During this era, is probably when I first heard the phrase, “Kill ’em all. Let God sort ’em out.”
Sadly, this sentiment actually dates back to the 1200’s during the massacres of so-called heretics, back when the church was the governing political power in Europe. Basically, stating that it doesn’t matter if good and righteous people couldn’t be distinguished from the so-called heretics. Kill everyone as a potential source of heresy and when they were dead God would know His own.
800 years or so have passed and WE still think like this.
Whether it is about religion, guns, corporations, banks, assistance recipients, or those in the criminal justice systems. It is gender bias, national & tribal prejudice, and a myriad of other social injustices and inequalities. Teenagers vs adults, women vs men, LGBT vs straight, have nots vs haves.
We declare that people are selfish, ignorant, or uncaring and criticize their mistakes based on our assumptions are of who they appear to be to our naked eye. All because we were delayed or inconvenienced in our own personal pursuit of our personal desire or mission.
I believe the time has come to make a radical shift in our thoughts, our assumptions, our words and our actions. Especially if we claim to be Christians.
We proclaim the biblical declaration in John 3:16 that ” God so loved the world…” THE WORLD.
God loves the entire world and all who live, have ever lived, or will ever live. He doesn’t love evil, hateful, abusive, and murderous thought or action that may be in the hearts and minds of anyone, but He loves EVERYONE.
He had mercy on a brother killer as well as an adulterer who was also a manipulative abuser of power and a murderer by proxy. He included a woman who has been considered to be a prostitute into the lineage of the One whom many call Savior. He turned a narrow-minded religious zealot who persecuted and wrongfully killed many people because they came to believe in a different spiritual path to God.
I venture to suggest that if the people, who committed such heinous, hurtful, and unwholesome acts were redeemed and redirected into becoming people of faith and love, then we don’t get to decide who is beyond redemption. It is not our place to look at the crimes and errors in a person’s life and decide he or she is not worthy of love and compassion.
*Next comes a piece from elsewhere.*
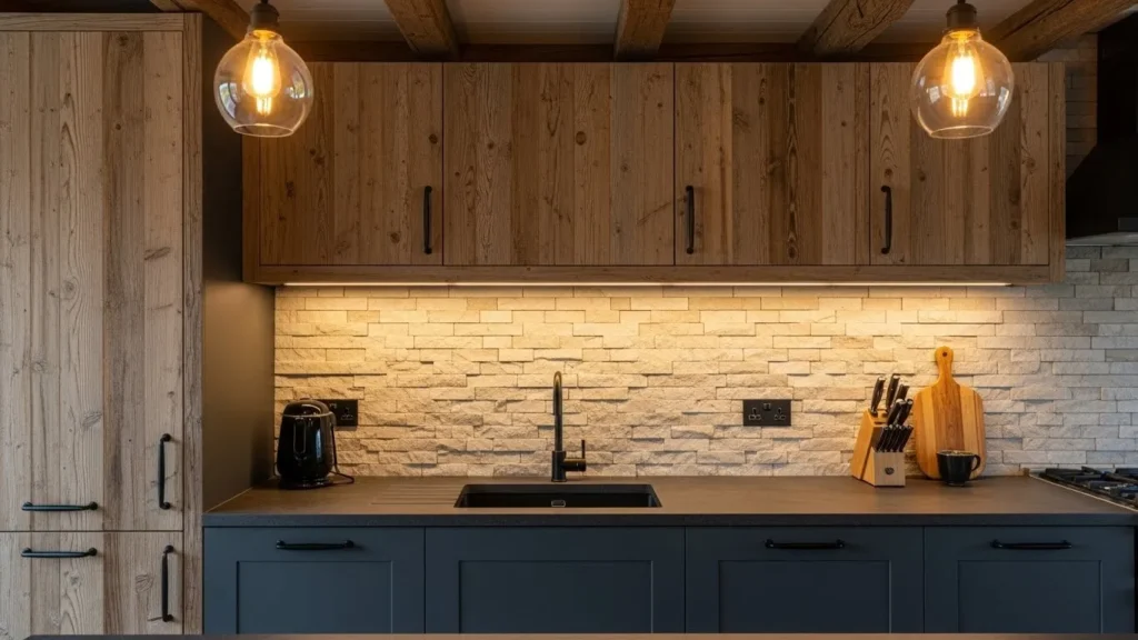 Rustic modern kitchens combine the best of both worlds—raw, natural materials with streamlined contemporary design. Reclaimed wood beams or accents set the tone for a warm, grounded atmosphere, while sleek cabinetry and matte finishes elevate the overall look. Stone backsplashes add texture and visual interest, making the kitchen feel cozy yet sophisticated. This rich blend of organic and modern elements has become a top trend for 2026 homeowners seeking warmth without giving up style.

Certainly, we are within our rights to limit their ability to continue to do harm, if their actions indicate they are dangerous to others, especially those least able to defend themselves. However, do so without vicious hatred and contempt.
As difficult as it is, the law I chose to live by is the law of love. I have gotten it wrong and forgotten that directive a lot of times. Each time I have done so and spoken or acted out of my own woundedness and pain, I have caused more damage than I mitigated.
I have to remember and open myself to Divine Love in order to choose to act and speak in love to the people in my world whose words and actions cause me to want to withdraw in fear, hurt, disgust, embarrassment, anger, helplessness and discomfort. It is my job to love them all and let God sort them out.
The time has come to let go of human judgement and allow Divine Love: forgiveness, grace, compassion, empathy, reconciliation, faith, and hope to infuse and permeate the mind and heart and flow into constructive thought and action.